September marks National Insider Threat Awareness Month, a time dedicated to emphasize the importance of detecting, deterring and reporting insider threats. This began as a collaborative effort by U.S. government agencies, three years ago and has now grown to both the public and private sector. 

In honor of the month, industry experts have shared their thoughts on different strategies organizations can use to protect themselves from these threats.


Nabil Hannan, Managing Director, NetSPI 

"To account for internal threats there must be a mindset shift in what constitutes an organization's threat landscape. Most companies focus exclusively on external threats and view their own people as trustworthy. As a result, insider threats are often under addressed cybersecurity threats within organizations. We learned with SolarWinds that detecting such a threat is vastly different from traditional pen testing, code review or other vulnerability detection techniques. Security teams need to move from only looking for vulnerabilities to also looking for suspicious or malicious code. With a vulnerability, the threat actor interacts with the attack surface in a way that exploits a weakness. With malicious code, the threat actor is either choosing or creating the attack surface and functionality because they have control over the system internally. So, instead of the threat actor exploiting vulnerabilities in the attack surface, now the threat actor creates the attack surface and exercises the functionality that they implement. Failing to implement threat modeling that studies potential threats to both vulnerabilities and malicious code can set your organization up with a false sense of security."


Will LaSala, Field CTO, Americas, OneSpan

"The rise of digitalization and Web 3.0 has led to an exponential increase of high-value transactions occurring online. As more processes become digitized an array of solutions have cropped up, most void of security capabilities. These solutions are unable to verify and authenticate the true identity of the person or business on the other end of the contract - which creates opportunities for threat actors to take advantage of unsuspecting employees, gain access to an organization's network and obtain sensitive data. 

Employees have become accustomed to signing contracts quickly and digitally, they are failing to verify whether or not the contract they have received is legitimate. As a result, employees are signing and unknowingly sharing confidential information with external threat actors. For example, attackers continue imitating the DocuSign brand, sending phishing links and documents that appear to be from DocuSign but in reality, are links and files that expose login credentials.
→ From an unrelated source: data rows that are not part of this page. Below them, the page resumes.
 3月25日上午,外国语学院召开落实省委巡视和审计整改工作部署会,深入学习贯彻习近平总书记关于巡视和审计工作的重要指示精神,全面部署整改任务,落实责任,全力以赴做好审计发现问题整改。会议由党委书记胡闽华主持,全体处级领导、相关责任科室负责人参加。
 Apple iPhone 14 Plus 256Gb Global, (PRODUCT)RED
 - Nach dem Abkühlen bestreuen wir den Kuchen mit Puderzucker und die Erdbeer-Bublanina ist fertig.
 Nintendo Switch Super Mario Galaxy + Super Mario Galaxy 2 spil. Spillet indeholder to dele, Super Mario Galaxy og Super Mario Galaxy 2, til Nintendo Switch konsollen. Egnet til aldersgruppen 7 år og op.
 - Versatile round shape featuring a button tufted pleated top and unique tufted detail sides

With insider threats becoming a prominent security issue, organizations must take a proactive approach to mitigate exposure opportunities. To ensure that employees do not unknowingly expose data when signing digital documents, organizations should add enhanced authentication to secure access to agreements as well as ‘flatten' uploaded documents to avoid shadow attacks. Businesses who provide these solutions also have a role to play, ensuring the identification and authentication capabilities are built into the entire digital transaction lifecycle." 


James Christiansen, CSO VP, Cloud Security Transformation, Netskope 

"The ‘Insider threat' has been one of the greatest threats since the beginning of IT. It's the risk that never goes away because insider threats involve employees - often the weakest link in any company's security posture. Employees are not only vulnerable to common attacks or insecure practices (e.g., email phishing), but they have bonafide access to workplace systems and an understanding of internal processes, providing the malicious insider a head start. For example, recent research found that 22% of users upload, create, share or store data in personal apps, creating an ever-increasing amount of data sprawl that puts sensitive company data at risk.
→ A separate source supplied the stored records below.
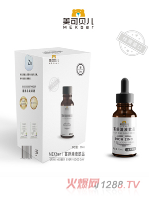 美可貝兒富鋅滴液,采用益生元加多重富鋅配方組合,配料有低聚果糖、濃縮葡萄汁、濃縮山楂汁、木瓜酵素(木瓜、木瓜蛋白酶)、山核桃、牡蠣粉、小麥胚粉等。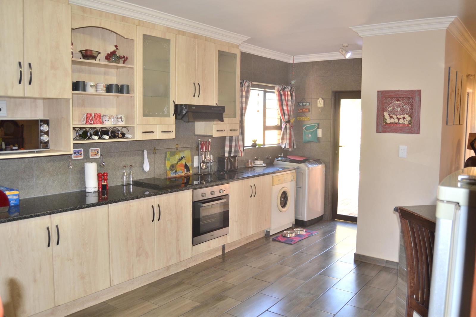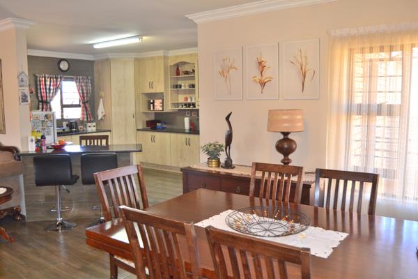 3 Bedrooms, 2 Full Bathrooms, Open plan Kitchen with granite counter tops and a separate Scullery, Living Room, Dining area, Indoor entertainment area study area another lounge with a build in braai you can convert it to a fireplace Sliding door leading to an outdoor entertainment area with a build in braai, Double Automated Garage, Landscaped wrap around garden. Aluminium windows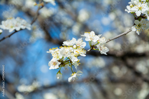 © Krasimira Dragneva, Obraz premium Close-up of a beautiful tree with blooming white flowers in spring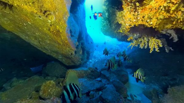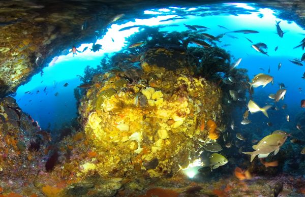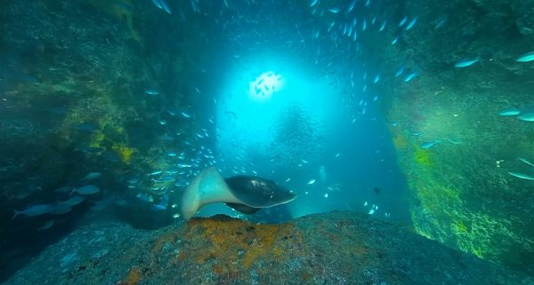Deep under Archway Island is a cavern swarming with blue maomao—a common schooling fish in New Zealand's north. They seek shelter and protection in these caves, which are wallpapered with vibrant sponges and algae.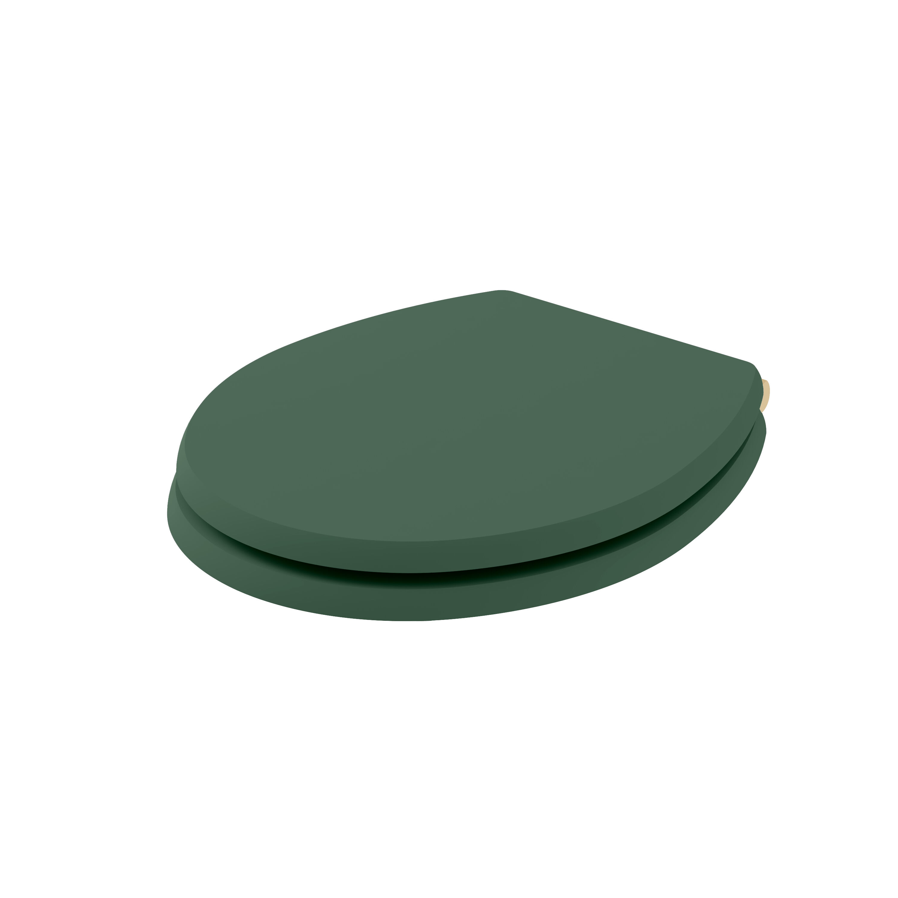 Fitzroy Traditional Round Wood Seat Soft Close Brushed Brass Hinge, Top Fixing

Organizations aren't required to report internal losses associated with insider losses, meaning this issue is more prevalent than we know. While there is rapid change in technology, there are a few steps to protecting against an insider threat. First, strong background checks, general awareness, and targeted education to high value employees is key to turning an insider from malicious to benign. Additionally, find ways to leverage analytic systems using strong statistical analysis to better understand normal and unusual behavior. By doing so, we can get better visibility, control, and ability to notify the users of their actions. Lastly, your best security monitor is your fellow staff members. Create a culture whereby if employees see something, they feel comfortable enough to say something."


Rick McElroy, Principal Cybersecurity Strategist, VMware

"As the Great Resignation continues and ‘quiet quitting' becomes increasingly popular, organizations find themselves at a higher risk for insider attacks. Over the past year, 41% of cybersecurity professionals have encountered attacks involving insiders, according to VMware's Global IR Threat Report. These findings underscore the increasingly critical nature of talent management when it comes to cybersecurity controls, especially as companies are trying to manage employee turnover, onboarding and the use of non-sanctioned apps and platforms. 

It's critical for CISOs to have visibility into their own network to track insider threat indicators, such as data transfers and accessing unusual resources. This allows for organizations to better protect their proprietary information, and for security teams to more quickly detect insider threats." 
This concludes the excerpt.